Start by identifying domain concepts in your bounded context. For example, in the Accountify context, voiding an invoice is a meaningful domain action. We want to:

  • Capture this behavior explicitly
  • Represent it in code using a clear name
  • Allow other systems to react to it without tight coupling

This leads us to define a domain event: InvoiceVoidedEvent.


Decoupling with Events

The Problem

Ever seen a model that does everything? From saving records to sending emails and syncing with external services?

That’s a recipe for trouble. When logic, integrations, and infrastructure mix in the same place, bugs become harder to track and tests become fragile. One change can break ten things.


Step 1: Create a Root Event Class

Start with a base event class to standardize how you track meaningful business actions:

class Event < ApplicationRecord
  self.abstract_class = true
end

Now define a domain event that inherits from it:

module Accountify
  class InvoiceVoidedEvent < Event
    belongs_to :eventable, polymorphic: true
  end
end

Step 2: Define an Event Handler Job

class EventCreatedJob
  include Sidekiq::Job

  def perform(event_id)
    event = Event.find(event_id)

    case event.type
    when "Accountify::InvoiceVoidedEvent"
      Notifier.send_invoice_voided_email(event.body["invoice_id"])
      Analytics.track_invoice_voided(event.tenant_id, event.body)

    # Add other event types here
    else
      Rails.logger.warn("Unhandled event type: #{event.type}")
    end
  end
end

Step 3: Use a Stateless Application Service

To decouple side effects, begin by creating an event and queuing a background job in the application service.

module Accountify
  module InvoiceService
    extend self

    def void(user_id:, tenant_id:, id:)
      ActiveRecord::Base.transaction do
        invoice = Invoice.find(id)
        invoice.update!(status: 'voided')
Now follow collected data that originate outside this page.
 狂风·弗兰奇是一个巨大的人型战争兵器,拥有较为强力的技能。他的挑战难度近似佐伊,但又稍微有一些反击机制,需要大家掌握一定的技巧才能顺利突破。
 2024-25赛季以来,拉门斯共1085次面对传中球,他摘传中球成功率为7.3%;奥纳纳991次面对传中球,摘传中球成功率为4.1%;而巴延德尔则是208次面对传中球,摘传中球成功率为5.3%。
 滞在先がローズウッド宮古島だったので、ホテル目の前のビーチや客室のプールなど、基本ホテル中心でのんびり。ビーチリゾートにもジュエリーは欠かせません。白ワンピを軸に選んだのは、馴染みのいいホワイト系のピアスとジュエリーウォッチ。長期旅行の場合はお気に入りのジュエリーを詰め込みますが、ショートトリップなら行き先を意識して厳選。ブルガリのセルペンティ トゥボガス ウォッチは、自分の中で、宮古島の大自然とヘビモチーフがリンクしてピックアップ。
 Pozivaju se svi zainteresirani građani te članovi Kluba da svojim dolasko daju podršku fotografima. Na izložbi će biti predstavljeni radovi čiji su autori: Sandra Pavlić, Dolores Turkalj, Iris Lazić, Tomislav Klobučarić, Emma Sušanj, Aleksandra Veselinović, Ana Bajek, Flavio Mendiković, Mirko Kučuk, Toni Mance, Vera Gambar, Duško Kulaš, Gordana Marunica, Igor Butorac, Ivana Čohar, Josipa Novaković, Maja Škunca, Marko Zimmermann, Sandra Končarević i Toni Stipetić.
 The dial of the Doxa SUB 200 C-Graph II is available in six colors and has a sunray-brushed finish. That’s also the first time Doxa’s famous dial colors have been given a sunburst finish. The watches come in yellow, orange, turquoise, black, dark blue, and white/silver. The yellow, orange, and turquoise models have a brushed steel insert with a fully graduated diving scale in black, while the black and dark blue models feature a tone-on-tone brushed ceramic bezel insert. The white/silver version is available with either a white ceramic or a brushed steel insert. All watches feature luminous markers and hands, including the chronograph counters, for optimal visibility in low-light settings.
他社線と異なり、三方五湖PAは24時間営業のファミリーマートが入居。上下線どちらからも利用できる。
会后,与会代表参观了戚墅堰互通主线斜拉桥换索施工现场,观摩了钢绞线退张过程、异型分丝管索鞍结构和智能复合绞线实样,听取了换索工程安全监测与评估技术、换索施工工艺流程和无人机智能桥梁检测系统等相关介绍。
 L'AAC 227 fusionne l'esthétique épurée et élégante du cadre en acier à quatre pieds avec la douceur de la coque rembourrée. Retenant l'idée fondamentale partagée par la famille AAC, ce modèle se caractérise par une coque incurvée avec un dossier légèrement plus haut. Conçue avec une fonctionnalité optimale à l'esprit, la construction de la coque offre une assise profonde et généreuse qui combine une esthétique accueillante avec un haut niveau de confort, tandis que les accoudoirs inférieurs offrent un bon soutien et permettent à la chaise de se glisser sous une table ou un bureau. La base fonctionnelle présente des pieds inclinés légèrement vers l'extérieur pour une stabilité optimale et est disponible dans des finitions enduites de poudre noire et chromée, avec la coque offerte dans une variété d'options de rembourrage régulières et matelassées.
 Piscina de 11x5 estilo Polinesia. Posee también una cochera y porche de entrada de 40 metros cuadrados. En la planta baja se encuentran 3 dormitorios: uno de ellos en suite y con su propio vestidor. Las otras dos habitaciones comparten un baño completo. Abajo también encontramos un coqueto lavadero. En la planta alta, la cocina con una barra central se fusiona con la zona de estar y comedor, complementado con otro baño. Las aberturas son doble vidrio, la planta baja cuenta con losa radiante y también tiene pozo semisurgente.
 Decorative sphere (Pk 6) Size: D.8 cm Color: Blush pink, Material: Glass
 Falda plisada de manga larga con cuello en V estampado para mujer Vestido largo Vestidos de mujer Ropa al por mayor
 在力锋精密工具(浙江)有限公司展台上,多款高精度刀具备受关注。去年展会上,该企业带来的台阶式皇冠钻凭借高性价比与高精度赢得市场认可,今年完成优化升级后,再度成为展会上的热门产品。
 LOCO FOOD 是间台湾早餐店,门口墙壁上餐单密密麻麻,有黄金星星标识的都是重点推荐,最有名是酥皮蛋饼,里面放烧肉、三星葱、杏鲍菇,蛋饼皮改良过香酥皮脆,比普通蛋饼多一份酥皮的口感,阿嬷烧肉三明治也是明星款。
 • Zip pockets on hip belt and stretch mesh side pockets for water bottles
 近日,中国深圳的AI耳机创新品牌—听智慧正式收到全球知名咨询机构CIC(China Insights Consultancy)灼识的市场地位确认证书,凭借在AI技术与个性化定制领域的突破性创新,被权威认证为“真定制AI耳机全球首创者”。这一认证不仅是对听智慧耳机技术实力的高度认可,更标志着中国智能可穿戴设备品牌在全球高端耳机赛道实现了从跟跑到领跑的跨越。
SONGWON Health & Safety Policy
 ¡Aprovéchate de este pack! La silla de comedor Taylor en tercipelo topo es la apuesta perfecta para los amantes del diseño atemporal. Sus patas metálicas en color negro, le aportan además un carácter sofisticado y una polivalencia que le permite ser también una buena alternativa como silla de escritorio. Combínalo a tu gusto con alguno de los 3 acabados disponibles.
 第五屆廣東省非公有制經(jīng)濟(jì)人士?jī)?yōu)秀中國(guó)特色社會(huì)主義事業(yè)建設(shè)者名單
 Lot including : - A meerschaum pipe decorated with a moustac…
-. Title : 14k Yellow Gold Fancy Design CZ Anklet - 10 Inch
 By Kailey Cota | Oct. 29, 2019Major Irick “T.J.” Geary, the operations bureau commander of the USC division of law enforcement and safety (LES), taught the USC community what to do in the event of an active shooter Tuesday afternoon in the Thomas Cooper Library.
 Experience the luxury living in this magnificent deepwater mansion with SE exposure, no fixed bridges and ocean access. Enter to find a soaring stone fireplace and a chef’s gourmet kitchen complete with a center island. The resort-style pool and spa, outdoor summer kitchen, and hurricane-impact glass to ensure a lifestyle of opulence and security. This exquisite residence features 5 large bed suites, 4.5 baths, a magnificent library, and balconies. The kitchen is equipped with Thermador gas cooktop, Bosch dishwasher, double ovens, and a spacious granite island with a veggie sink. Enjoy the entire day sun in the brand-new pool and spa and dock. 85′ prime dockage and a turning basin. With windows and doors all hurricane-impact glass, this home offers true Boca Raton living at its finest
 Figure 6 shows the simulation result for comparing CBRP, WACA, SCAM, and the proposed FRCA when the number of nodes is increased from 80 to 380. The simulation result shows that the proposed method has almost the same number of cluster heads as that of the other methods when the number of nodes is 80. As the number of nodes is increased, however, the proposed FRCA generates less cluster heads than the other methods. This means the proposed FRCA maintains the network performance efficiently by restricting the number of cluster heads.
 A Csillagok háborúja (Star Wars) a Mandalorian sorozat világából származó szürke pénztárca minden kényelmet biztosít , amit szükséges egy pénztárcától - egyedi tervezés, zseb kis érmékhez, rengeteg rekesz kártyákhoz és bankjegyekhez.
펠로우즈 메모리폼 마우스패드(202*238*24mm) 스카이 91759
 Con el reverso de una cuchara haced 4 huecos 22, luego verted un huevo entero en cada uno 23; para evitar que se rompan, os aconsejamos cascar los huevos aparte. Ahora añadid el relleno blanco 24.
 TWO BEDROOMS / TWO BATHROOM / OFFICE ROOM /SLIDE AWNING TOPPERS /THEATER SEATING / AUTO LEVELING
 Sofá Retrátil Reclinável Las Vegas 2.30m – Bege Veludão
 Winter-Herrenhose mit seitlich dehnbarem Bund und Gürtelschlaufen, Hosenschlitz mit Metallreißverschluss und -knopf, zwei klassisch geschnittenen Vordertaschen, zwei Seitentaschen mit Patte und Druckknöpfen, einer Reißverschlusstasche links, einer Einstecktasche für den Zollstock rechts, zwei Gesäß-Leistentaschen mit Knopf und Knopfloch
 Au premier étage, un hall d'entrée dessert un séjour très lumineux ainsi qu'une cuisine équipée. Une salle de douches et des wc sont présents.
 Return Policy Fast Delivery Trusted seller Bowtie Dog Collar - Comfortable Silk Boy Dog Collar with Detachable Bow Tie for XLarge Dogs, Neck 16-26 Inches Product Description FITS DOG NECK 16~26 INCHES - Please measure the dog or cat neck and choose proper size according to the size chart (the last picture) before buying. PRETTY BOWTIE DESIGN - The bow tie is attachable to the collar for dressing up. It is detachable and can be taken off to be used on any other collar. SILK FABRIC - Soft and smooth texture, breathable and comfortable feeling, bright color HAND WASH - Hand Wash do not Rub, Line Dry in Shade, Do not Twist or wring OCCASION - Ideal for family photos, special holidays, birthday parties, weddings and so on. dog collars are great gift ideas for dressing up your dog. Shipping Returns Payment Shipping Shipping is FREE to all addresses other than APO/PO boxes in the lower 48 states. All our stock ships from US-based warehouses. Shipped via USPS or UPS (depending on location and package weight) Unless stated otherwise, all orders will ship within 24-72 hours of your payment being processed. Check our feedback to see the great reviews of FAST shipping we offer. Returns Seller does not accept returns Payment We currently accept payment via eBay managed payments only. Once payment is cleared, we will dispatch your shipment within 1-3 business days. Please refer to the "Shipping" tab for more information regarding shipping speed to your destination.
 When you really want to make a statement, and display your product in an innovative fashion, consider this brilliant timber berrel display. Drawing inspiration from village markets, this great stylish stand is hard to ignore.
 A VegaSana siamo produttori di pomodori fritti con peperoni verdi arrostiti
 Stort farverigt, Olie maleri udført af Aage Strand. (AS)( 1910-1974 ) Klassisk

        event = InvoiceVoidedEvent.create!(
          user_id: user_id,
          tenant_id: tenant_id,
          eventable: invoice,
          body: { invoice_id: invoice.id }
        )

        EventCreatedJob.perform_async(event.id)
      end
    end
  end
end

The Transactional Outbox Pattern

The Problem: Lost or Inconsistent Events

If you update a record and publish a message in two separate steps, you risk:

  • Saving the record but losing the message
  • Sending the message but rolling back the record

This leads to inconsistent state between systems.


The Solution: Queue Messages in the Same Transaction

Outboxer solves this using the transactional outbox pattern. Just queue the message in the same transaction:

ActiveRecord::Base.transaction do
  invoice.update!(status: 'voided')

  event = InvoiceVoidedEvent.create!(
    user_id: user_id,
    tenant_id: tenant_id,
    eventable: invoice,
    body: { invoice_id: invoice.id }
  )

  Outboxer::Message.queue(messageable: event)
end

Outboxer will only publish the message if the transaction commits successfully.


Background Publisher

Run a loop or background worker to publish messages:

Outboxer::Publisher.publish_messages do |_, messages|
  messages.each do |message|
    EventCreatedJob.perform_async(message.messageable_id)
  end
end

You can use Sidekiq, Delayed Job, or any background job system.


Use a Callback to DRY Up Message Queuing

The Problem: Repeating Yourself

Every time you create an event, you also need to remember to queue it:

event = InvoiceVoidedEvent.create!(...)
Outboxer::Message.queue(messageable: event)

This is easy to forget and clutters your code.


The Solution: Use a callback in the base event class

Define an after_save callback that automatically queues outboxer messages:

class Event < ApplicationRecord
  after_create do
    Outboxer::Message.queue(messageable: self)
  end
end

Now your event classes inherit from this:

module Accountify
  class InvoiceVoidedEvent < Event
    belongs_to :eventable, polymorphic: true
  end
end

Application Services Stay Clean

Your service now just creates the event:

module Accountify
  module InvoiceService
    extend self

    def void(user_id:, tenant_id:, id:)
      ActiveRecord::Base.transaction do
        invoice = Invoice.find(id)
        invoice.update!(status: 'voided')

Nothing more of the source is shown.